En ese marco nació su relación con Simón Bolívar. Cuando el joven caraqueño ingresó a sus clases, encontró en Rodríguez a un maestro que no se limitaba a enseñar lectura y escritura, sino que lo invitaba a pensar, a cuestionar y a observar el mundo con espíritu crítico. Rodríguez no moldeó a Bolívar desde la obediencia, sino desde la libertad intelectual. Le enseñó a leer a los clásicos, pero también a desconfiar de las verdades heredadas; lo acercó a las ideas de la Ilustración, pero siempre desde la perspectiva de un continente que debía crear su propio camino.
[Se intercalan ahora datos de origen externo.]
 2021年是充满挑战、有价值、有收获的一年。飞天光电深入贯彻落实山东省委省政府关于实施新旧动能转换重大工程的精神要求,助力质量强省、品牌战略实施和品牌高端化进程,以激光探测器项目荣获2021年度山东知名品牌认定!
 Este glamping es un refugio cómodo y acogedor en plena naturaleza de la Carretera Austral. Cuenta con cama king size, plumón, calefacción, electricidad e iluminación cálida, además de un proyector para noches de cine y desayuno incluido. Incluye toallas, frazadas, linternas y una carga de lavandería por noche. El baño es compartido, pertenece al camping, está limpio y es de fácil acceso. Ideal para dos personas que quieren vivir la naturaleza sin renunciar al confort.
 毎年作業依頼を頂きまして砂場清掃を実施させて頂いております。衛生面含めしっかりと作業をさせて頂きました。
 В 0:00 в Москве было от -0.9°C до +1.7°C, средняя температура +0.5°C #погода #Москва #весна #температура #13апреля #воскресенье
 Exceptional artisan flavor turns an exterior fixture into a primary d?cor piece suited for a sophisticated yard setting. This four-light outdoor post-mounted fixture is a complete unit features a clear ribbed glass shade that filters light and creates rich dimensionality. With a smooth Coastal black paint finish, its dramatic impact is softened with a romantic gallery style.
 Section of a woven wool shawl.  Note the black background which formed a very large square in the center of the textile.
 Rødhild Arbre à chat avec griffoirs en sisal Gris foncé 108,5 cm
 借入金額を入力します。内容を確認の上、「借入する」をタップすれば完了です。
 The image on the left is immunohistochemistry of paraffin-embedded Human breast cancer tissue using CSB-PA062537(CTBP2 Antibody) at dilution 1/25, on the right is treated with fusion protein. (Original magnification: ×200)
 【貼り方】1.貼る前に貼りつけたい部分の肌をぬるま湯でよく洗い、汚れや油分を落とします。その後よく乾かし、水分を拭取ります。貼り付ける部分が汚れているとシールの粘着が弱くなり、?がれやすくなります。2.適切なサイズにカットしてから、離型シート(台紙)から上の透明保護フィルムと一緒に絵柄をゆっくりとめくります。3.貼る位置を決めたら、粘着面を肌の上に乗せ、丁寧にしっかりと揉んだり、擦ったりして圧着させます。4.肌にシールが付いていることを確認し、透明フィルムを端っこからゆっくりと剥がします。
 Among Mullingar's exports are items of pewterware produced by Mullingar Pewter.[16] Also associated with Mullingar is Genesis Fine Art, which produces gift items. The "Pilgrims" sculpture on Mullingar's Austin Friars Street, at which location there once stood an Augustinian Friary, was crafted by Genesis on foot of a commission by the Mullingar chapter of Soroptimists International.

La influencia de Rodríguez no se reduce a anécdotas escolares. Su presencia acompañó a Bolívar en momentos decisivos de su formación, especialmente durante el viaje por Europa, donde el maestro reforzó la idea de que la libertad no era solo un acto político, sino un proceso educativo profundo. Ese vínculo, construido sobre la conversación, la lectura y la reflexión, dejó en el futuro Libertador una convicción que lo acompañaría toda su vida: América debía emanciparse no solo del dominio español, sino también de los modelos que no respondían a su realidad.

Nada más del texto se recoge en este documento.